Excerpts from a dataset:
__________________________________________________

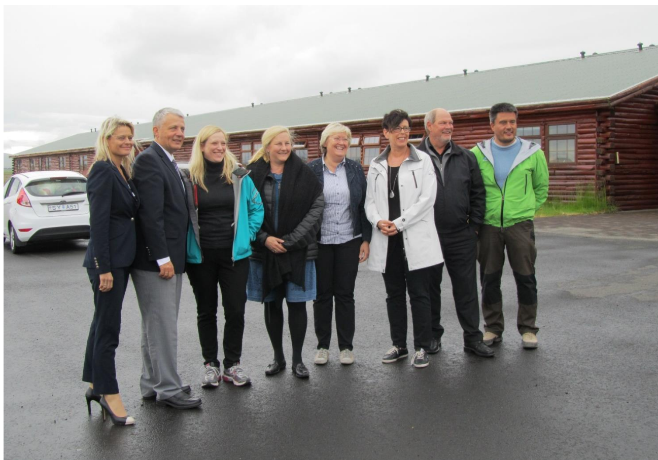
Färöarnas, Islands, Sveriges, Norges, Ålands, Danmarks och Grönlands samarbetsministrar med generalsekreterare Høybråten på södra Island i juni.

Samarbetsminister Toivakka presenterade på Nordiska rådets session ministerrådets redogörelse om EU-samarbetet. Planeringen av Finlands ordförandeskap i Nordiska ministerrådet 2016 började.
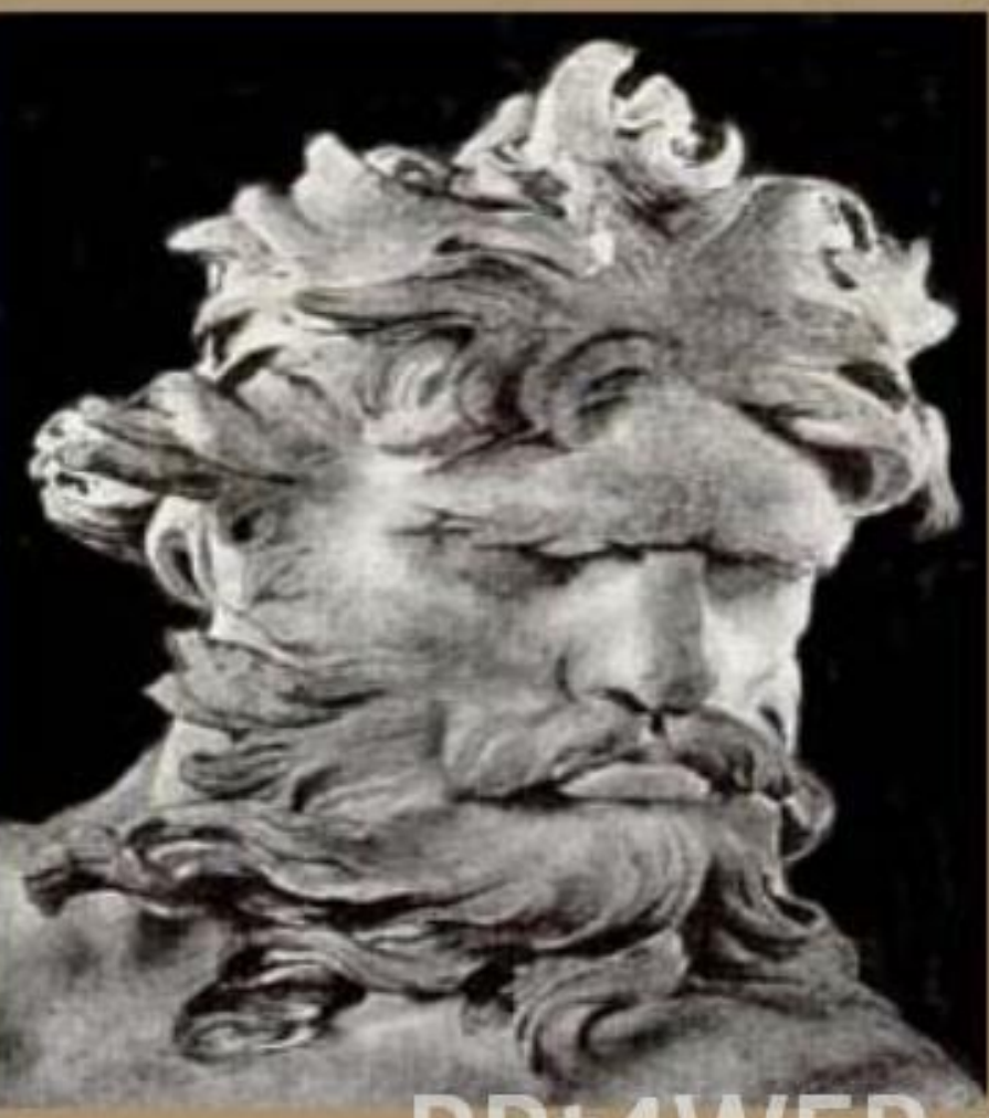
Лоренцо Бернини. Нептун (1620)
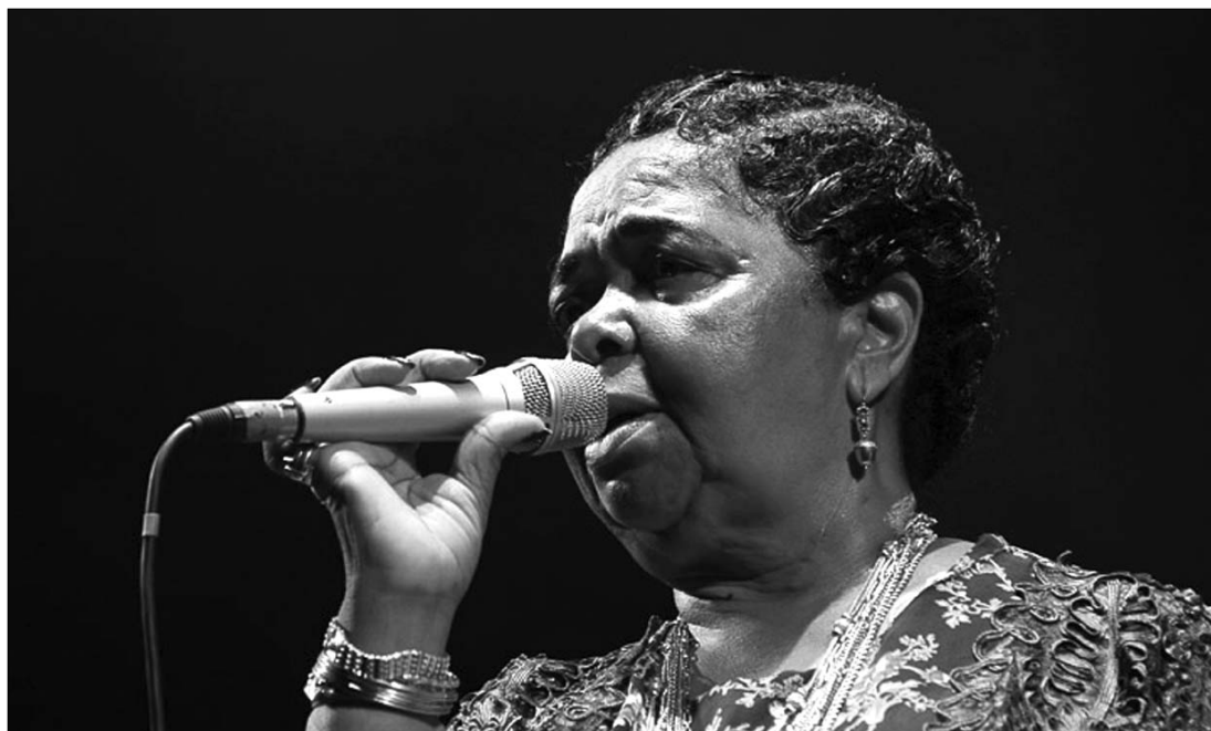
Cesaria Evora, a szomorkás-sanzonos hangulatú morna stílus legismertebb előadója végleg kivonult a zenei életből

több válogatás- és koncertlemeze, valamint egy remixelbuma jelent meg. 2008-ban infarktust kapott egy melbourne-i koncert után. Párizsban gyógyult, de még kedvezőtlen egészségi állapota mellett is felvette új lemezét, amely a Nha Sentimento címet kapta. ◀

__________________________________________________

Assignment:
Please retype the records above exactly, leaving every image out.

Exercise result:
Färöarnas, Islands, Sveriges, Norges, Ålands, Danmarks och Grönlands samarbetsministrar med generalsekreterare Høybråten på södra Island i juni.

Samarbetsminister Toivakka presenterade på Nordiska rådets session ministerrådets redogörelse om EU-samarbetet. Planeringen av Finlands ordförandeskap i Nordiska ministerrådet 2016 började.
Лоренцо Бернини. Нептун (1620)
Cesaria Evora, a szomorkás-sanzonos hangulatú morna stílus legismertebb előadója végleg kivonult a zenei életből

több válogatás- és koncertlemeze, valamint egy remixelbuma jelent meg. 2008-ban infarktust kapott egy melbourne-i koncert után. Párizsban gyógyult, de még kedvezőtlen egészségi állapota mellett is felvette új lemezét, amely a Nha Sentimento címet kapta. ◀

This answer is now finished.